A paper manual offering troubleshooting steps for each error would be really helpful. Just 'Error 11. Consult your manual.' and the manual actually telling you what the problem could be is also miles better than what we usually get.
> The user could have been running 5 different programs, any one of which caused this error, and MacOS can't point the finger at anyone.
It's still an example why it's worth giving your users a fighting chance. MacOS may not know enough to point the finger at anyone, but the user knows what they were doing at that moment, and even if they were not paying attention, they might start now. They'll realize if something is off. Or, after 10th time they get this error, they'll connect the dots and realize it's always happening when application X is running and they try to launch Y.
Or maybe sometimes they won't.
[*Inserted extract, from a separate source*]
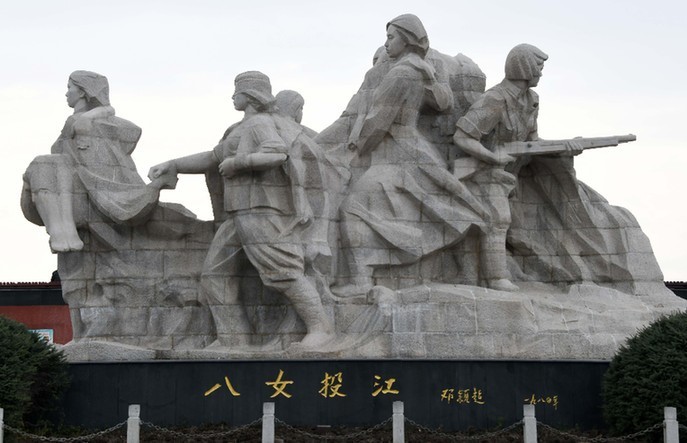 她們是東北抗日聯(lián)軍第5軍婦女團(tuán)的政治指導(dǎo)員冷云,班長胡秀芝、楊貴珍,戰(zhàn)士郭桂琴、黃桂清、王惠民、李鳳善和被服廠廠長安順福。1938年10月,該部在牡丹江地區(qū)烏斯渾河渡口與日偽軍千余人遭遇。已行至河邊準(zhǔn)備渡河的婦女團(tuán)8名成員,為掩護(hù)大部隊(duì)突圍,毅然放棄渡河,在冷云率領(lǐng)下,分成3個(gè)戰(zhàn)斗小組,與日偽軍展開激戰(zhàn)。她們主動(dòng)吸引日偽軍火力,使部隊(duì)主力得以迅速擺脫敵人的攻擊,但她們卻被敵人圍困于河邊。在背水作戰(zhàn)至彈盡的情況下,面對(duì)日偽軍逼降,女戰(zhàn)士們誓死不屈。她們毀掉槍支,挽臂涉入烏斯渾河,高唱著《國際歌》,集體沉江,壯烈殉國。犧牲時(shí),她們年齡最大的冷云23歲,最小的王惠民才13歲。
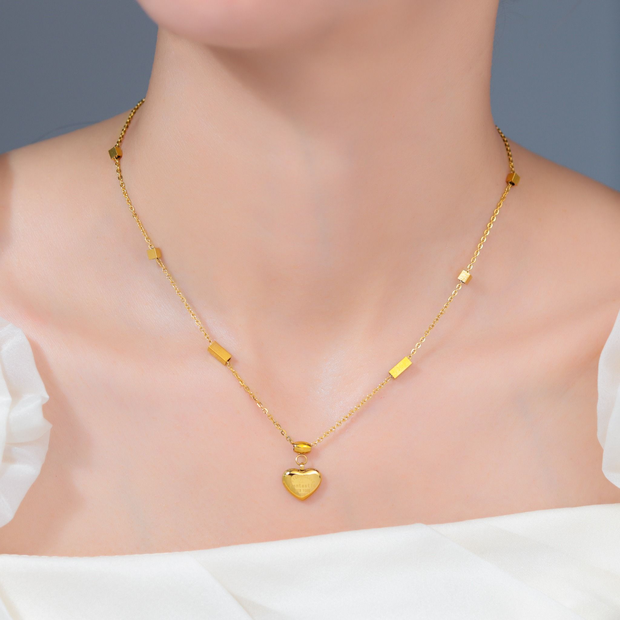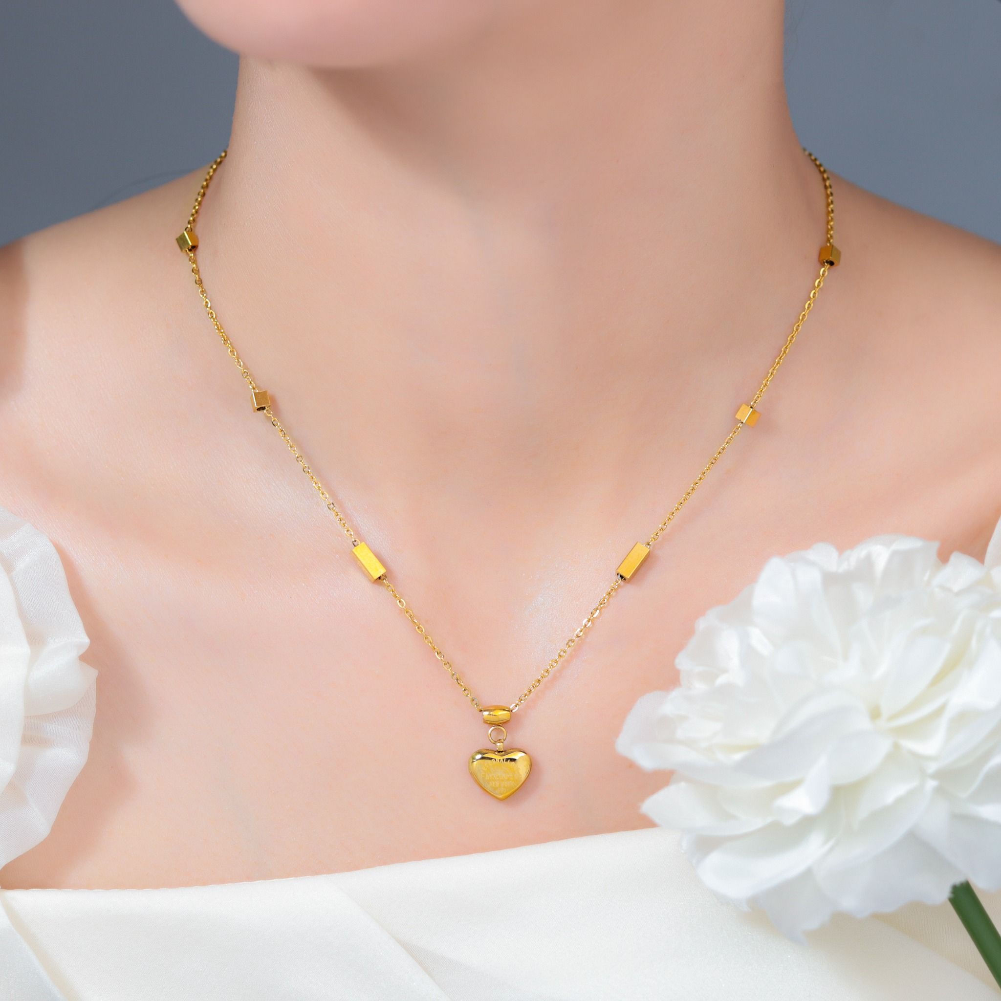 Dây chuyền Titan SST Trái tim khắc chữ Không Đen Gỉ VC252

Maybe they'll form a story and maybe it'll be all bullshit, or maybe good enough. Either way, the important part is, the user retains agency in the process. Giving people information is how they can become self-sufficient users and trust technology more.
This was 30 years ago, it was Mac OS classic with co-operative multitasking and zero inter-process memory protection, when the error comes up the only option was "restart" (the computer, not the task).
Don't blame this one on programming techies. This one is ALL the fault of shitty UI designers abusing modal dialog boxes.
A modal dialog is supposed to be for something damn near irreversible--like about to blow away your application because of error. You are supposed to STOP and go get the guru or you are about to lose, badly.
Unfortunately, UI designers throw them up for everything and people get used to simply clicking "OK" to make them go away so that they can get back to doing their task. So, when the user gets an actual error, they've already blown away the dialog box with information.
Your 'Saving this image as a JPG will not preserve the transparency used in the image. Save anyway?' line is a horrifically excellent example. That is a standard "Save As..." response, and it should NEVER have been. That should have always been under "Export..." as saving should never throw away information and it would be perfectly fine to regenerate a JPG as long as you have the full information still available in the original file.
This is the stuff that infuriates me about the UI designers. Your job is about interactions, first, and pixels, second.
This is because error messages have historically been bad, unintelligible, un-actionable, and hard to separate from soft errors that don't actually matter.
And they've only got worse: "Something went wrong". Well no shit Sherlock, I can tell something went wrong because the thing I tried to do didn't work. Possibly the single most useless error message every created, and it's everywhere. Most of the worst-case error messages in the quoted response are still better than this one.
If you ever run into a developer who thinks "something went wrong" is an appropriate error message, have them killed. Then kill their entire family and pets, burn their house down, and plough salt into the ground where it stood. Finally, put up a sign that says "The person who used to live here thought 'something went wrong' is an appropriate error message to display when something goes wrong. Take note of their current situation when you next add an error message to your software".